Blog » How can the Bank work better with Indigenous Peoples and their communities?

How can the Bank work better with Indigenous Peoples and their communities?

Created Jun 01 2017, 1:28 PM by Galen Chern Ming Tan
  • CDD and Social Inclusion (Youth, Gender, Indigenous Peoples_Ethnic Minorities)
  • Conferences and Workshops

Recognizing the importance of partnering with Indigenous Peoples (IPs) in fighting poverty and boosting shared prosperity, the World Bank convened a workshop on October 20, 2016 with 20 IP representatives and leaders on how Bank programs can better address the diverse needs of IP groups, continuing the conversation started during the Bank’s high level dialogue with IPs in April 2015

 

“The only way we can get out of poverty is for the [World Bank’s] programs to capture our realities and needs,” said one IP representative.

 

The World Bank has increasingly prioritized engaging IPs and their communities as it seeks to cover the “last mile” of development. Indigenous communities are among the most disadvantaged and vulnerable groups, often living in hard-to-reach areas, struggling for legal recognition of customary land tenure, and facing exclusion, negative stereotyping, and discrimination. While only numbering around 5 percent of the world’s population, IPs make up 15 percent of the world’s extreme poor; in some regions, this percentage can go as high as 70 percent.

 

Maninder Gill, the World Bank’s Director for Social Development, urged participants—who represented IP communities from across Africa, Asia, and Latin America—to think globally on how to address challenges common to all marginalized communities. “It’s our collective responsibility to think of all IPs,” he said. “The needs of one group could be very different from the needs of another.”

 

World Bank project leaders Dianna Pizarro, Sean Bradley, and David Tuchschneider then presented on Bank approaches and programs that work with IP communities. The World Bank is best known for its robust set of social safeguards that include an operational policy on IPs, but also supports programs with specialized approaches, such as productive alliances, community engagement, and community-driven development (CDD), an approach that gives control over planning decisions and investment resources for local development projects to community groups, are key elements.


IP workshop.jpg

 

Community-driven development’s strengths, such as empowering communities themselves to identify their priority development needs, facilitating basic service delivery in remote areas, and working with diverse, heterogeneous communities and vulnerable groups, help address many of the unique challenges that IPs face.
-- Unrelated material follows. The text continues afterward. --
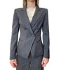 Giacca doppiopetto dal taglio sartoriale con motivo gessato, bavero a lancia e taschine a filo. Rifinita con impuntura a margine e taglio smoking, unisce eleganza classica e stile contemporaneo.

The approach is already used successfully in Nepal, Brazil, Vietnam, Myanmar, India, and Bolivia, among other places, to engage with IP communities.

 

Part of the workshop’s goal was to engage with IP communities on how to improve the responsiveness of Bank programs to IPs.  “How can IPs help us improve our programs?” asked Luis-Felipe Duchicela, the World Bank’s IP Adviser, after he presented on the Bank’s global engagement with IPs. “How can those projects improve the inclusion of IPs?”

 

Besides grappling with how to develop a way that IPs communities, who represent a diversity of cultures, needs, and challenges, can effectively bridge their communities’ needs and Bank operations, participants from each region also discussed how to build stronger, more responsive programs and next steps in formalizing their dialogue with the Bank.

 

While much remains to be done, representatives agreed that the Bank’s engagement with them was essential in empowering their communities. “We are grateful that the World Bank has included us in the dialogue around its policies and programs,” said a participant in her closing remarks.